AI PORTFOLIO
This work emerges from a production process I’ve spent years refining.
Over the past three-plus years, I’ve fully integrated generative AI into an established design, animation, and postproduction pipeline. AI is used upstream to generate source material—video, performances, environments, music, and voice—much like a virtual shoot. That material is then treated as raw footage and brought into a traditional post process: editorial structure, rhythm, sound design, color, typography, and final mix.
The work remains design-led and human-directed. AI accelerates ideation, expands creative optionality, and allows earlier testing of narrative and tone before ideas are committed to conventional production. Prompt systems, constraints, and review loops function as creative guardrails, ensuring coherence, intent, and repeatability.
What results are cinematic pieces that sit between speculative commercial work and art film—polished, deliberate, and slightly unresolved. Each project reflects a controlled collaboration between intent, machine interpretation, and human judgment, executed within a single continuous workflow.
latent space
Diffractals: Visualizing the Fourier Transform through Synthetic Media
In the physics of wave optics, the Fraunhofer diffraction pattern formed by an aperture is the physical manifestation of its Fourier transform. When light propagates through a fractal geometry—a structure exhibiting self-similarity at every scale—the resulting scattering pattern retains that recursive complexity. The light does not simply bend; it iterates.
This film visualizes this "diffractal" phenomenon through a hybrid workflow of synthetic media and traditional compositing.
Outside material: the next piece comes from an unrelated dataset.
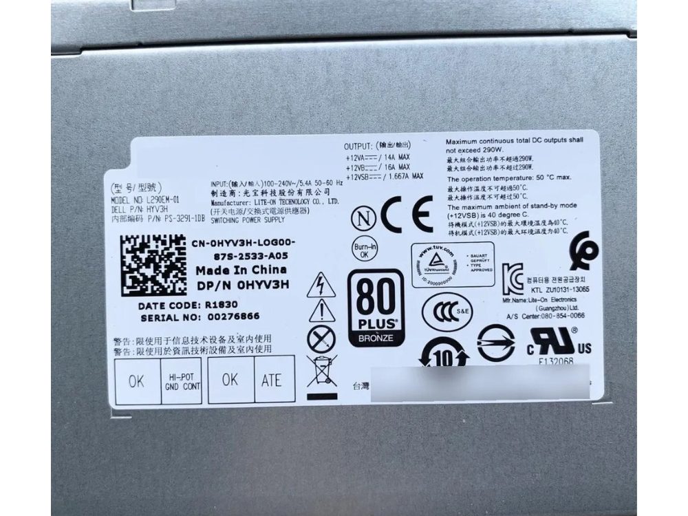 Fonte de alimentação original Dell com 290W de potência, modelo L290EM-01 e part number 0HYV3H, desenvolvida para uso em servidores, estações de trabalho ou equipamentos compatíveis que utilizem esse padrão de fonte. Este componente é ideal para ambientes corporativos, pequenos data centers e aplicações que exigem fornecimento de energia estável e confiável.

Utilizing AI-generated footage and avatar synthesis as raw texture, the final composition was layered and sequenced in Adobe After Effects to mimic the behavior of coherent light passing through complex masks.
The audio production mirrors these optical principles. The soundscape, composed and mixed in Logic Pro, treats the human voice as a waveform subject to interference. Two distinct vocal tracks are panned and temporally offset, creating an auditory interference pattern. This technique forces the listener to resolve the signal from the noise, creating peaks of clarity (constructive interference) and valleys of dissonance (destructive interference) akin to the bright and dark fringes of a diffraction pattern.
Tools & Techniques:
Visuals: Generative AI Video, Avatar Synthesis, Adobe After Effects
Audio: Logic Pro (Composition & Mixing), Dual-Channel Panning, Temporal Offset
Concept: Fourier Optics, Fractal Geometry, Recursive Signal Processing
The Algorithmic Bone / Stochastic Lattice
This piece is a quintessential example of Generative Design and Biomimicry, representing a synthesis of algorithmic complexity and structural logic.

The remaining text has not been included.